(Record set):
──────
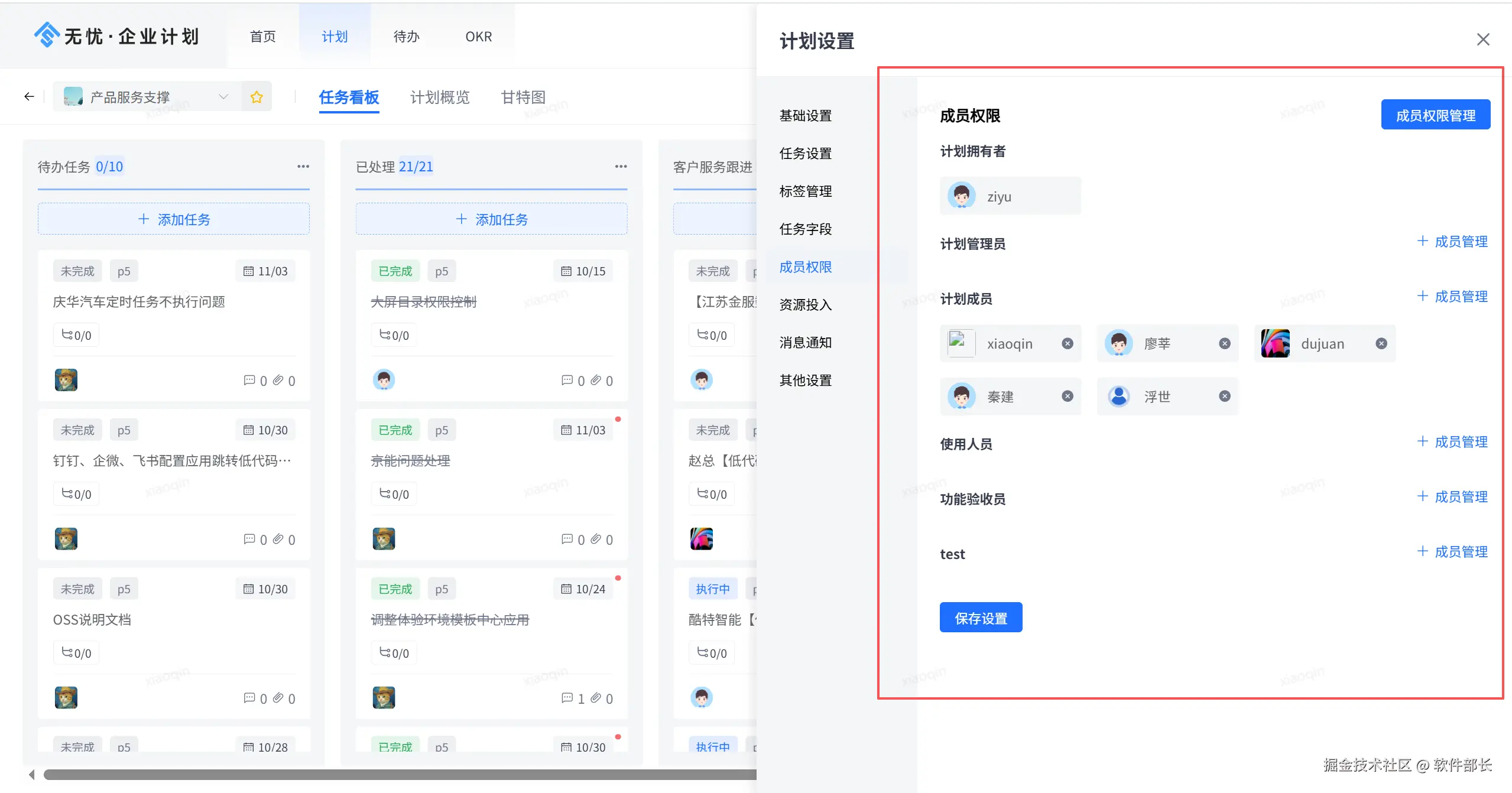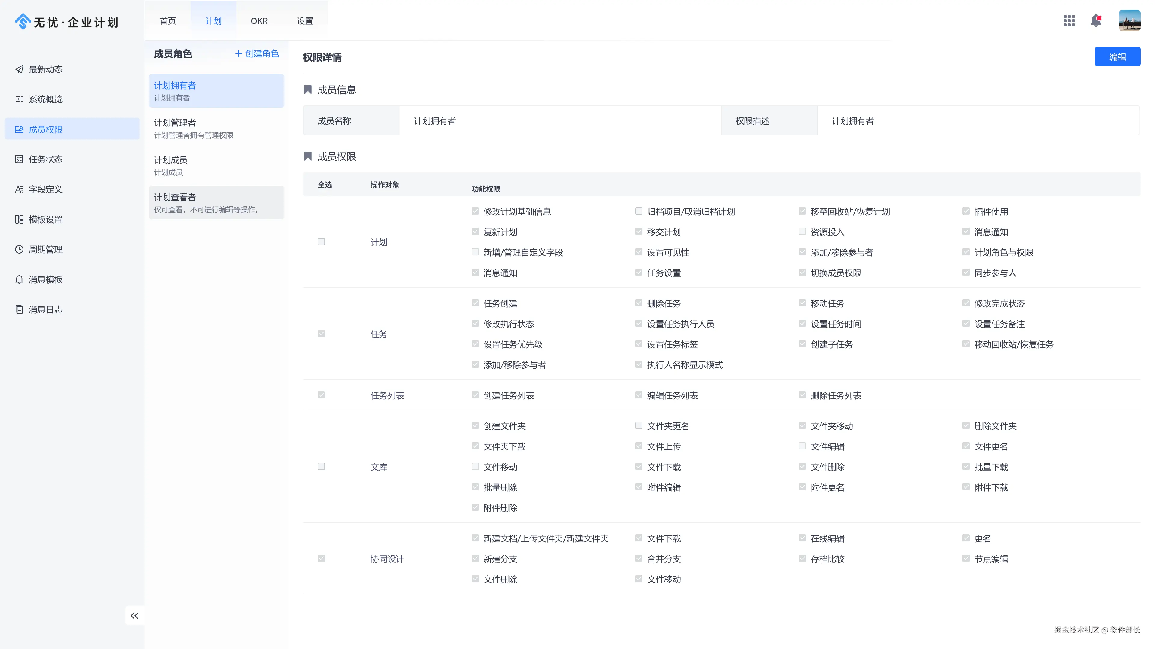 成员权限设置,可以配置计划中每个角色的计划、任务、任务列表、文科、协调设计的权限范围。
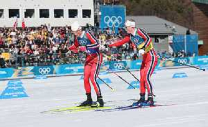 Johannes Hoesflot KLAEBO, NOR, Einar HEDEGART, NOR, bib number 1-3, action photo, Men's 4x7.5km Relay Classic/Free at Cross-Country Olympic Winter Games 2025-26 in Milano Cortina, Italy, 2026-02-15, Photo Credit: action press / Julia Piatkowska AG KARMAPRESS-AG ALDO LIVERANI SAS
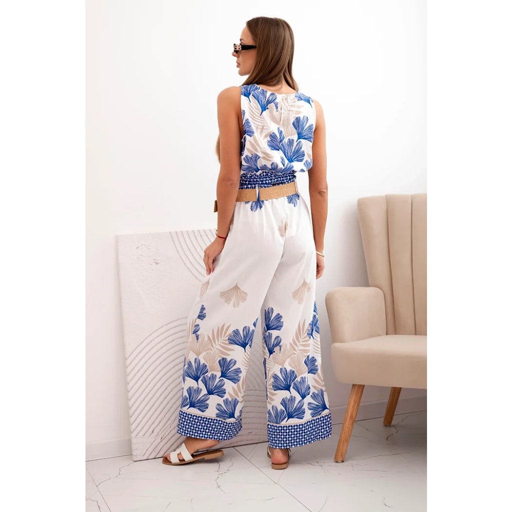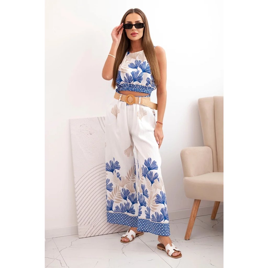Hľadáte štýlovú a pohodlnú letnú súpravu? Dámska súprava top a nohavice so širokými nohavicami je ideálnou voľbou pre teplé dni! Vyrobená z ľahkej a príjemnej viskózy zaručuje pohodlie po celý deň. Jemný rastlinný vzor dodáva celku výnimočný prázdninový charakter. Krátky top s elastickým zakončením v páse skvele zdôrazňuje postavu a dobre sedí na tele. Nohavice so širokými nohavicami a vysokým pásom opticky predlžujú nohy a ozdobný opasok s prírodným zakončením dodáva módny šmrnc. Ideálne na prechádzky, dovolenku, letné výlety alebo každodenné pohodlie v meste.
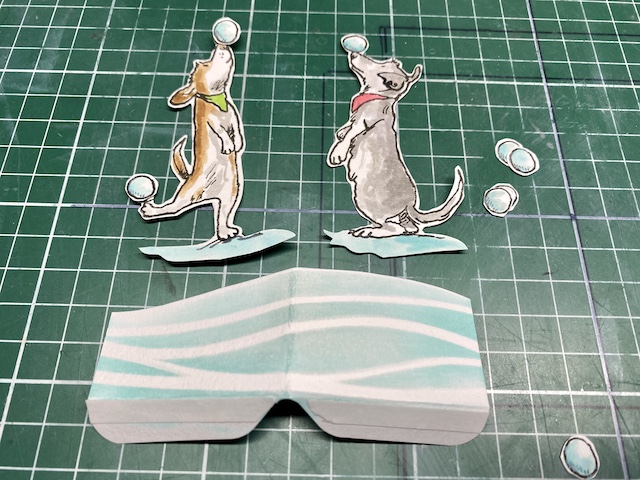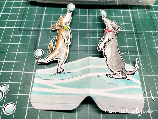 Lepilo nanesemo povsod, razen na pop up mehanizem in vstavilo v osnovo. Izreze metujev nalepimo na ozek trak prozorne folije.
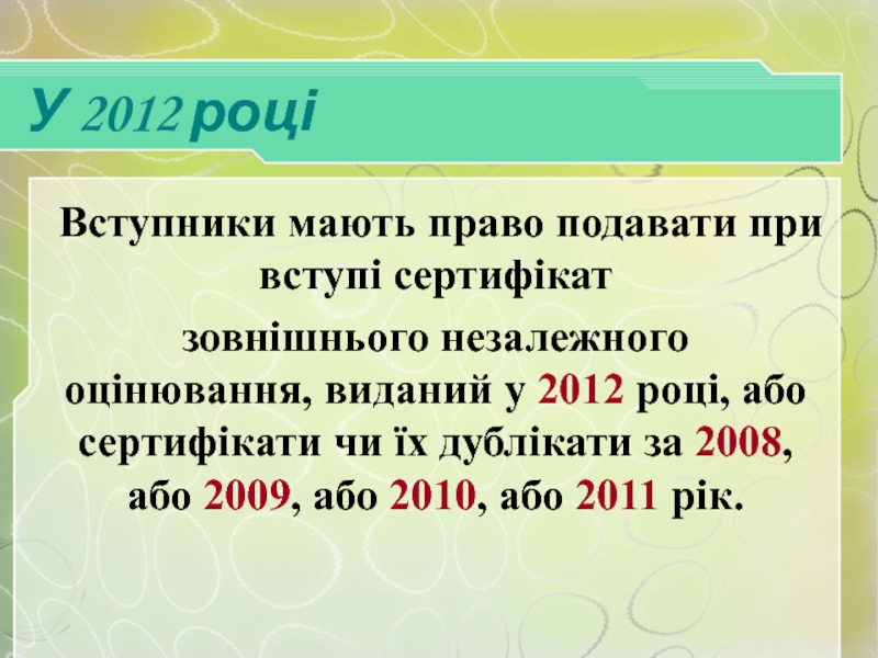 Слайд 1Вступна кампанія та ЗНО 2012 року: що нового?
──────
(Assignment): Pictures stay out. Print the lines of the records above exactly, from the first through the one with "Johannes Hoesflot KLAEBO, NOR, Einar".

(Expected answer):
 成员权限设置,可以配置计划中每个角色的计划、任务、任务列表、文科、协调设计的权限范围。
 Johannes Hoesflot KLAEBO, NOR, Einar HEDEGART, NOR, bib number 1-3, action photo, Men's 4x7.5km Relay Classic/Free at Cross-Country Olympic Winter Games 2025-26 in Milano Cortina, Italy, 2026-02-15, Photo Credit: action press / Julia Piatkowska AG KARMAPRESS-AG ALDO LIVERANI SAS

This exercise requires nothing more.